YOUR TASK: Your task is to transcribe the records exactly, skipping every image.

********

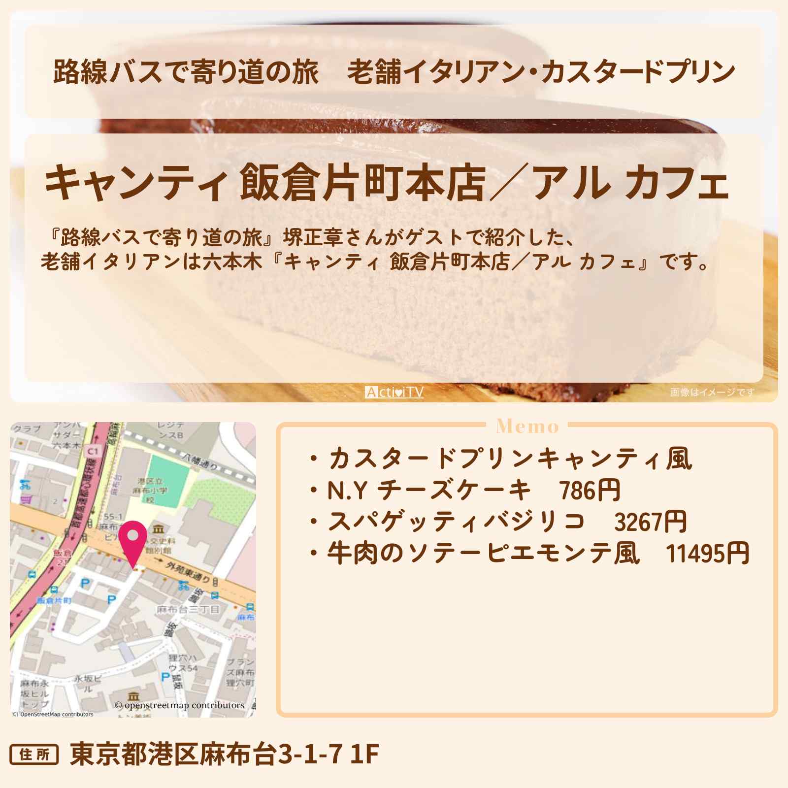 2023年9月10日放送の【路線バスで寄り道の旅】堺正章さんがゲストで紹介した、老舗イタリアンは六本木『キャンティ 飯倉片町本店/アル カフェ』です。
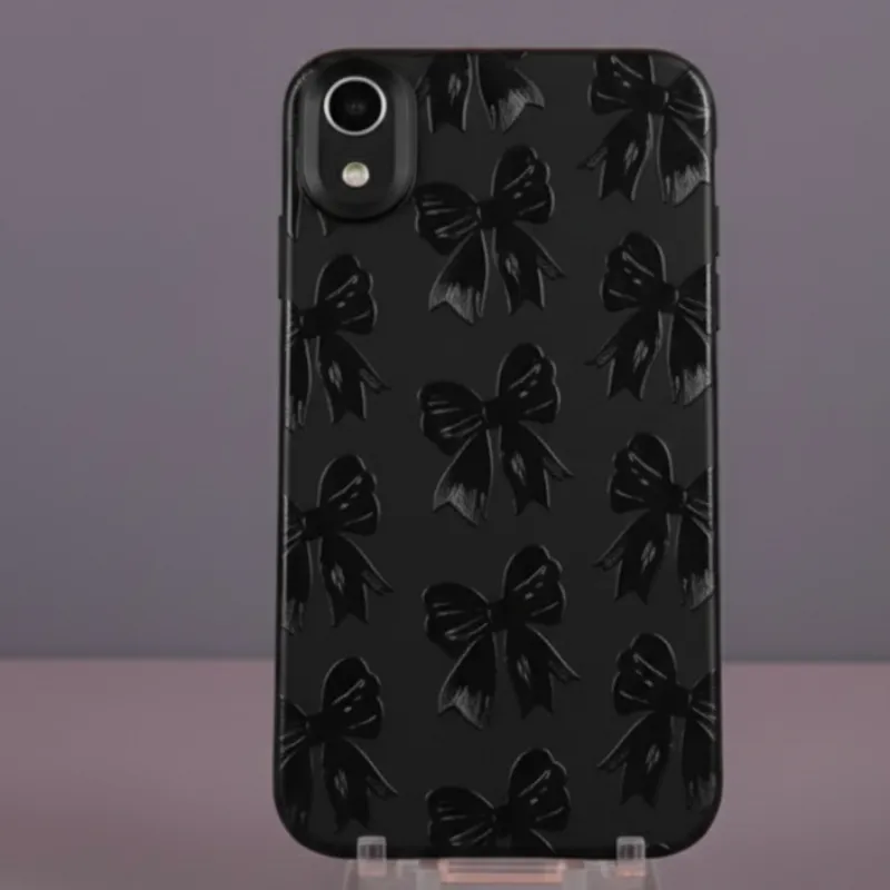 Cover de plástico TPU flexible antichoque en color negro con diseño de lazos negros
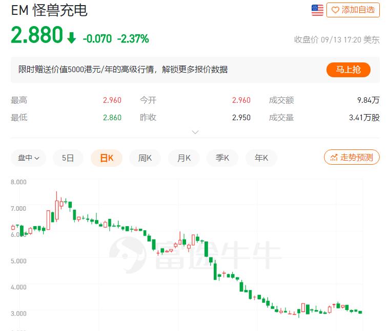 怪兽充电有阿里加持、市场份额已居行业第一,这又如何?上市以来,公司股价持续走低,截至目前,2.88美元的股价,较发行价跌去近7成。
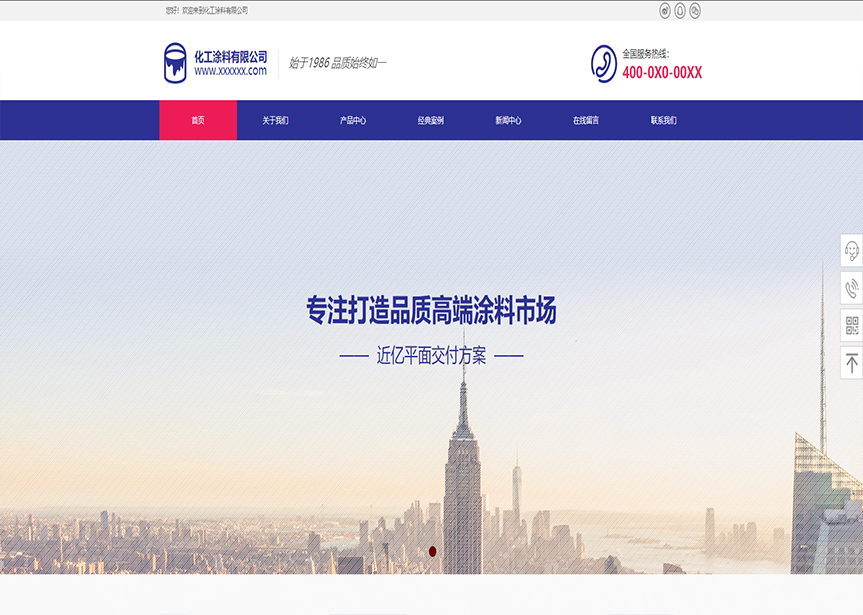 模板名稱:(帶手機(jī)版數(shù)據(jù)同步)自適應(yīng)化工涂料類紫色通用網(wǎng)站模板
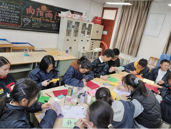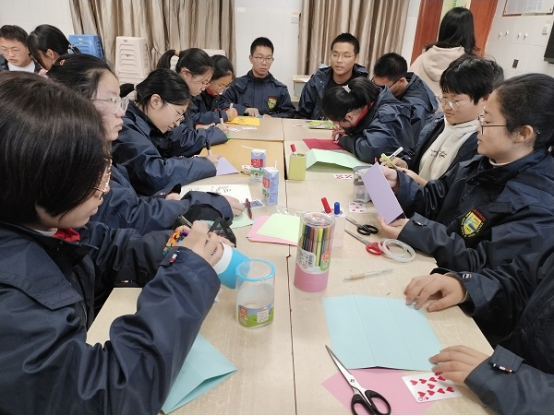 第一个活动是“我和我们”。活动内容是每个人做一个属于自己的姓名牌并向大家介绍一下自己的姓名牌。每个同学都选了一个自己喜欢的卡纸,随后我们就开始了自己的创作。我先将卡纸对折再对折,然后将它卷成三棱柱的形状并在其中的两面写上自己的名字。我又在上面画了一些图案进行装饰,写了我的兴趣爱好。我环顾四周本想看看大家的姓名牌是怎么做的,但所有人都在非常认真地制作,所以我也就继续自己的创作。到了展示时间,每个同学都对自己独一无二的姓名牌进行解说。有的同学在上面写了自己喜欢的明星,有的折了玫瑰花贴在上面,有的……通过这个活动,我们对彼此更加了解,队员之间更加熟悉。
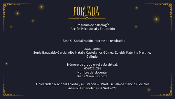 Programa de psicología Acción Psicosocial y Educación – Fase 5– Socialización Informe de resultados estudiantes: Sonia Baracaldo García, Alba Natalia Castellanos Gómez, Zuleidy Katerine Martínez Galindo Número de grupo en el aula virtual: 403026_293 Nombre del docente: Diana María Espinoza Universidad Nacional Abierta y a Distancia – UNAD Escuela de Ciencias Sociales Artes y Humanidades ECSAH 2023
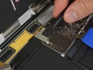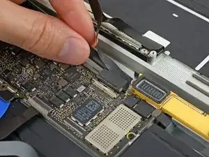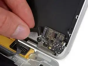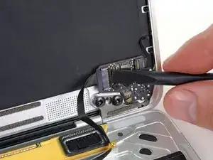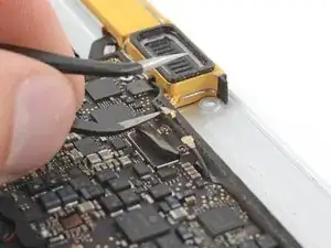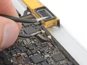 Используйте пинцет, чтобы отогнуть ленту, закрывающую разъём дисплейного кабеля.
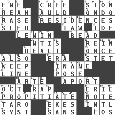 ACROSS 1. Compass dir. 4. Algonquian 8. The Jewish people; Israel 12. 480, 500 or 516 sheets of paper 14. Old (Scot.) 15. Southwest Nigerian state 16. To erase 17. Dwellings 20. Downhill vehicle 21. The 23rd letter of the Hebrew alphabet 22. Binary compound 23. Soviet premier 1918-24 27. Necklace unit 29. Nuclear Threat Initiatives 31. It's straight from the horse's mouth 34. Started a card game 35. Single time 36. In addition 39. Period 41. Proofreading order 42. Shed a tear 43. Lacking in sense or substance 46. Actor's bit 47. Introduce or present, as a question 48. Johnson of "Laugh-In" 51. To the left, to Queeg 54. Sep. follower 56. Reproach for some lapse or misdeed 58. One of the Great Lakes 61. Appease 66. Make mention of 67. Pacific island yam 68. Supplements with great effort 69. International (abbr.) 70. System (abbr.) 71. Without 72. Greek goddess of the dawn DOWN 1. Blunders 2. Actress Patricia 3. Artist's stand 4. 4-wheeled motor vehicle 5. Regret 6. Raised railways 7. Prepare for publication 8. Boy, to dad 9. Happening 10. Wrote a lyric poem 11. Characteristic smell of wine 13. Ancient Persian 18. Small moist lump or mass 19. She-sheep 24. Compass dir. 25. Call ___ day 26. The longest river in the world 28. Came up 30. Long narrow piece of something 32. Frozen water 33. Fish or hair follower 34. Drug addict 36. Leather borer 37. Flowery wreath 38. Elected representatives 40. Small Philippine buffalo 44. Cleo's killer 45. Modern: prefix 49. Three (prefix) 50. Consume 52. Painter Guido (1575-1642) 53. Marketplace scale 54. Chooses 55. Supercomputer manufacturer 57. Sliced desserts 59. "Tell ____ the Marines!" 60. Snakelike fish 62. Cooking vessel 63. Alias (abbr.) 64. "___ Little Indians" 65. Double-curved letter
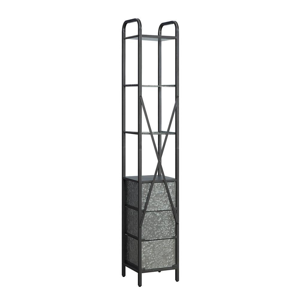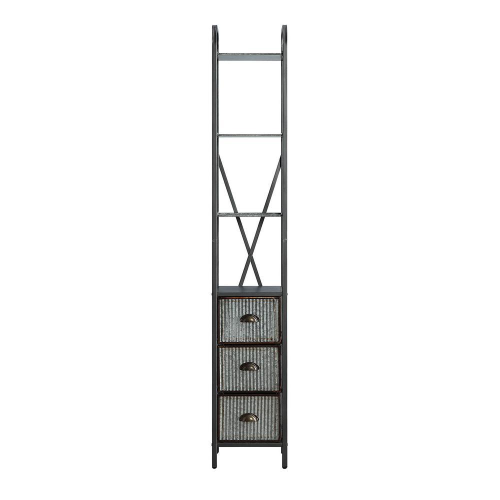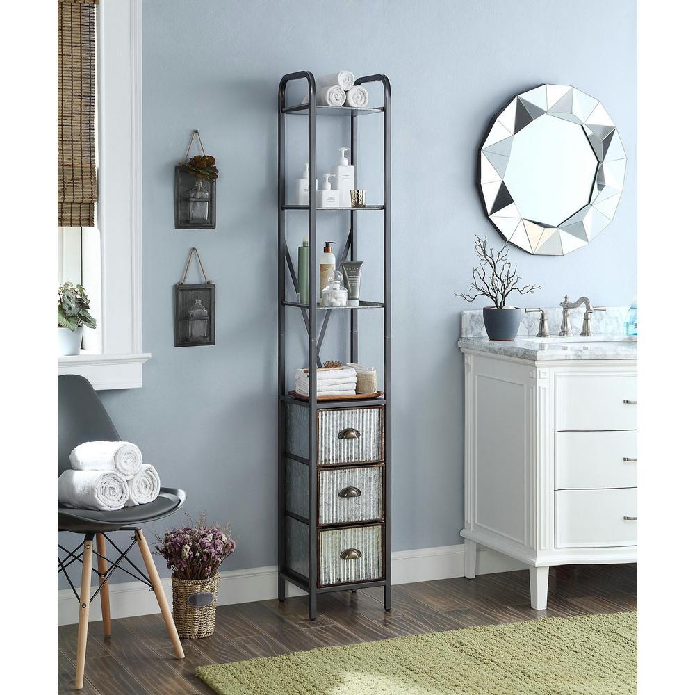 The Montclair Space Saver Collection Tower is a wonderful storage space saving unit for your bathroom. Finished in galvanized metal, the rustic storage tower will give your bathroom a high end design. Designed with two metal shelves and three corrugated metal drawers, this unit is ideal for washcloths, bathroom accessories, knickknacks and any other storage needs. This easy to clean item is a great choice for your bathroom or any other room in your home. The metal is finished with a powder coated system that makes it resistant to many of the harsh elements in the bathroom. Goes great with The Montclair Space Saver Collection Cabinets. Clean with a dry non-abrasive cloth. Assembly required.

********

RESPONSE:
 2023年9月10日放送の【路線バスで寄り道の旅】堺正章さんがゲストで紹介した、老舗イタリアンは六本木『キャンティ 飯倉片町本店/アル カフェ』です。
 Cover de plástico TPU flexible antichoque en color negro con diseño de lazos negros
 怪兽充电有阿里加持、市场份额已居行业第一,这又如何?上市以来,公司股价持续走低,截至目前,2.88美元的股价,较发行价跌去近7成。
 模板名稱:(帶手機(jī)版數(shù)據(jù)同步)自適應(yīng)化工涂料類紫色通用網(wǎng)站模板
 第一个活动是“我和我们”。活动内容是每个人做一个属于自己的姓名牌并向大家介绍一下自己的姓名牌。每个同学都选了一个自己喜欢的卡纸,随后我们就开始了自己的创作。我先将卡纸对折再对折,然后将它卷成三棱柱的形状并在其中的两面写上自己的名字。我又在上面画了一些图案进行装饰,写了我的兴趣爱好。我环顾四周本想看看大家的姓名牌是怎么做的,但所有人都在非常认真地制作,所以我也就继续自己的创作。到了展示时间,每个同学都对自己独一无二的姓名牌进行解说。有的同学在上面写了自己喜欢的明星,有的折了玫瑰花贴在上面,有的……通过这个活动,我们对彼此更加了解,队员之间更加熟悉。
 Programa de psicología Acción Psicosocial y Educación – Fase 5– Socialización Informe de resultados estudiantes: Sonia Baracaldo García, Alba Natalia Castellanos Gómez, Zuleidy Katerine Martínez Galindo Número de grupo en el aula virtual: 403026_293 Nombre del docente: Diana María Espinoza Universidad Nacional Abierta y a Distancia – UNAD Escuela de Ciencias Sociales Artes y Humanidades ECSAH 2023
 Используйте пинцет, чтобы отогнуть ленту, закрывающую разъём дисплейного кабеля.
 ACROSS 1. Compass dir. 4. Algonquian 8. The Jewish people; Israel 12. 480, 500 or 516 sheets of paper 14. Old (Scot.) 15. Southwest Nigerian state 16. To erase 17. Dwellings 20. Downhill vehicle 21. The 23rd letter of the Hebrew alphabet 22. Binary compound 23. Soviet premier 1918-24 27. Necklace unit 29. Nuclear Threat Initiatives 31. It's straight from the horse's mouth 34. Started a card game 35. Single time 36. In addition 39. Period 41. Proofreading order 42. Shed a tear 43. Lacking in sense or substance 46. Actor's bit 47. Introduce or present, as a question 48. Johnson of "Laugh-In" 51. To the left, to Queeg 54. Sep. follower 56. Reproach for some lapse or misdeed 58. One of the Great Lakes 61. Appease 66. Make mention of 67. Pacific island yam 68. Supplements with great effort 69. International (abbr.) 70. System (abbr.) 71. Without 72. Greek goddess of the dawn DOWN 1. Blunders 2. Actress Patricia 3. Artist's stand 4. 4-wheeled motor vehicle 5. Regret 6. Raised railways 7. Prepare for publication 8. Boy, to dad 9. Happening 10. Wrote a lyric poem 11. Characteristic smell of wine 13. Ancient Persian 18. Small moist lump or mass 19. She-sheep 24. Compass dir. 25. Call ___ day 26. The longest river in the world 28. Came up 30. Long narrow piece of something 32. Frozen water 33. Fish or hair follower 34. Drug addict 36. Leather borer 37. Flowery wreath 38. Elected representatives 40. Small Philippine buffalo 44. Cleo's killer 45. Modern: prefix 49. Three (prefix) 50. Consume 52. Painter Guido (1575-1642) 53. Marketplace scale 54. Chooses 55. Supercomputer manufacturer 57. Sliced desserts 59. "Tell ____ the Marines!" 60. Snakelike fish 62. Cooking vessel 63. Alias (abbr.) 64. "___ Little Indians" 65. Double-curved letter
 The Montclair Space Saver Collection Tower is a wonderful storage space saving unit for your bathroom. Finished in galvanized metal, the rustic storage tower will give your bathroom a high end design. Designed with two metal shelves and three corrugated metal drawers, this unit is ideal for washcloths, bathroom accessories, knickknacks and any other storage needs. This easy to clean item is a great choice for your bathroom or any other room in your home. The metal is finished with a powder coated system that makes it resistant to many of the harsh elements in the bathroom. Goes great with The Montclair Space Saver Collection Cabinets. Clean with a dry non-abrasive cloth. Assembly required.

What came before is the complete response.